BRIN Ungkap Tantangan Pemenuhan Ekosistem EV di Indonesia
JAKARTA, investortrust.id - Kepala Pusat Riset Ekonomi Industri, Jasa, dan Perdagangan BRIN, Umi Mu’awanah menyampaikan, pemenuhan ekosistem kendaraan listrik (electric vehicle/EV) di Indonesia memiliki tantangan.
Menurutnya ini hal yang wajar, mengingat tidak ada satu negara pun yang dapat memenuhi keseluruhan elemen ekosistem EV-nya secara mandiri.
Sebagaimana diketahui, Pemerintah Indonesia sendiri telah mendorong untuk menjalankan program kendaraan bermotor listrik berbasis baterai (KBLBB) guna mengatasi emisi karbon dan beban subsidi BBM.
Selain itu, Indonesia sebagai negara dengan jumlah populasi terbesar nomor empat di dunia memiliki potensi besar untuk pasar kendaraan listrik.
Baca Juga
Kendati demikian, Umi menilai implementasi program ini harus didukung ekosistem yang memadai. Saat ini, Indonesia sedang dalam masa transisi dari kendaraan konvensional ke kendaraan listrik. Sehingga, masih terdapat beberapa tantangan dalam ekosistem kendaraan listrik di Indonesia.
“Indonesia perlu fokus, di mana kekuatannya untuk dapat memberikan nilai tambah tinggi, dan bisa berpartisipasi dalam sistem rantai pasok kendaraan listrik domestik dan global,” kata Umi dalam webinar Tantangan Ekosistem Mobil Listrik di Indonesia, Rabu (24/4/2024).
Di sisi lain, kesiapan infrastruktur juga dinilai Umi harus terus ditingkatkan untuk memacu persepsi dan permintaan masyarakat terhadap kendaraan listrik.
Baca Juga
Mendag Zulhas: Revisi Aturan Pembatasan Impor Rampung Pekan Ini
Dijelaskan oleh Umi, pemerintah Indonesia sedang fokus membangun pasar kendaraan listrik domestik, dengan membangun persepsi publik terhadap kendaraan listrik dan menggugah publik untuk mulai menggunakan kendaraan listrik. Adapun tujuan utamanya adalah mengurangi emisi karbon.
Umi menjelaskan, pemain utama pasar kendaraan listrik di Indonesia, khususnya kendaraan pribadi produksi massal, masih didominasi oleh pihak luar, seperti China dan Korea Selatan. Namun, pemerintah Indonesia juga berharap pemain lokal dapat berkontribusi serta bersaing di pasar kendaraan listrik Tanah Air.

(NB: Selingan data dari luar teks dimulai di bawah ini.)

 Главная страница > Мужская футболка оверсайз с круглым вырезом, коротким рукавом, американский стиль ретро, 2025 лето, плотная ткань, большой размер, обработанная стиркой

“Tantangan utama yang dihadapi adalah mendorong kolaborasi lembaga litbang dan perguruan tinggi dengan industri yang ditujukan langsung untuk pengembangan dan inovasi kendaraan listrik. Serta, membangun kesiapan teknologi industri komponen lokal untuk bisa bersaing di pasar kendaraan listrik di Indonesia maupun global,” terang Umi.

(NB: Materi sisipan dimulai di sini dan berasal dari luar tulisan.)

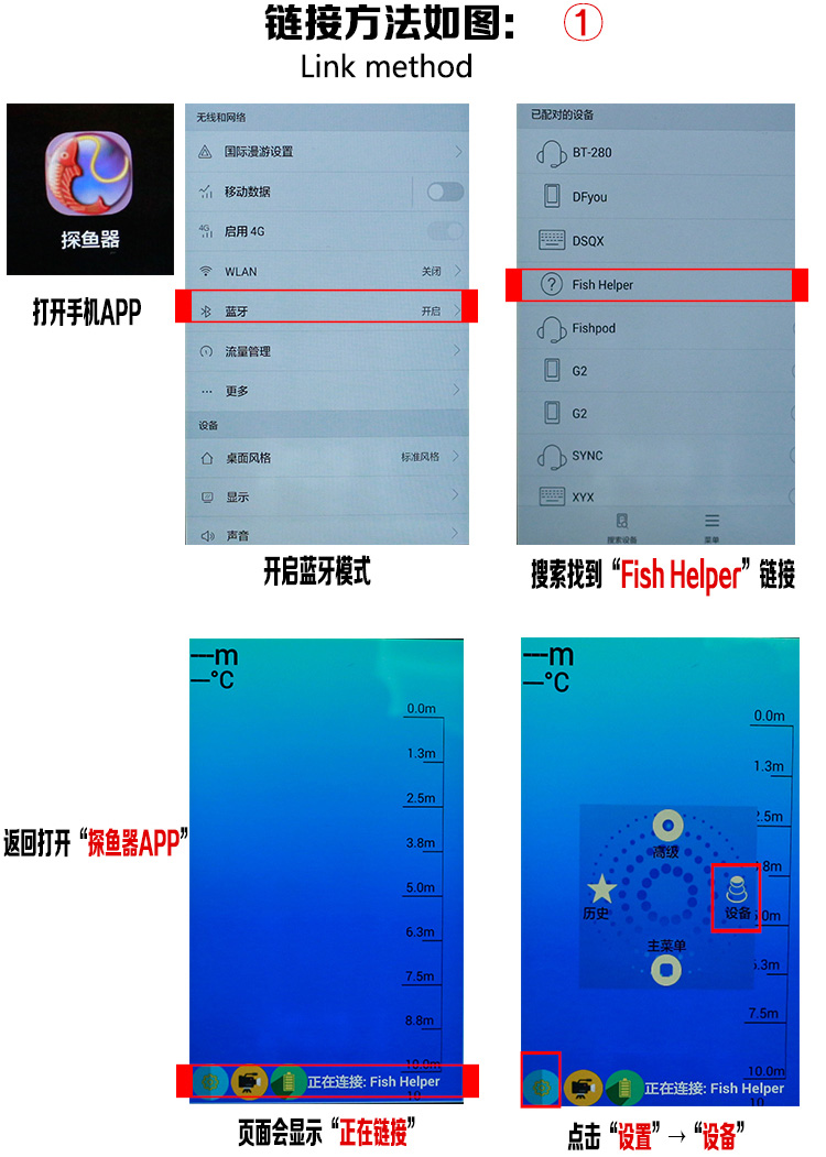 2)蓝牙搜索声纳探鱼器并建立连接;

Terlebih lagi, Umi menyebut Indonesia juga harus bersaing dengan Vietnam yang saat ini menjadi pemain kuat industri kendaraan listrik di ASEAN. Selain itu, persepsi masyarakat terhadap kendaraan listrik juga masih lemah, karena harganya masih sangat tinggi dan fasilitas SPKLU juga terbatas.